Today I didn´t have any classes but I went to school anyways to have a tutorial with a teacher to get help with my midi-controller. I´m really bad at technical and electronic things and even though I watched like twenty youtube videos I still don´t understand. He help me find the software so now I can actually use it but I know I will need more help. We have three semesters in our school and for each we have six tutorials that are twenty minutes long. We can book it with any teacher and get help with whatever questions we might have. It´s great but enoying that they are so short and you can´t book two after each other.
Afterwards I had booked a rehearsal room to practise drums and piano. It was a long time since I played and really felt it. I wasn´t in a good mood though. I´ve been feeling a little down this last two days and I hope it´s just hormones because life is still great in general. I did a performance with the crew again on saturday at Venus. I was in a way better mood then. Lucia was also there and we had some bears and looked at dildos. Afterwards we all went to Kitkat. It was fun but I felt a bit oversocialised so I went home quite early.
I spent both Sunday and Monday alone and I really feel how I´m getting back into my own mind.
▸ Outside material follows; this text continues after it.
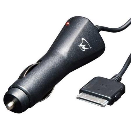 MobileSpec 12-Volt Car Charger for iPod/iPhone with 3.5-Feet Cord and LED Indicator - Black

I´ve been living on the outside a lot lately and haven´t fully been in contact with my inner self. Now I´m feeling a bit dissociated though I´m having some flashbacks to how my life used to be and feel like, it´s been changing so much and so many times which confuses my view over everything. Don´t get me wrong here, I know where I am but I´m still not really grounded in my mind. Because other places and times also exist and I´m there in the thoughts sometimes. I´m dreaming about things connected with my past which also affects me. I don´t think it´s in a bad way but it´s a deeper feeling of life even if I don´t get deeper into anything.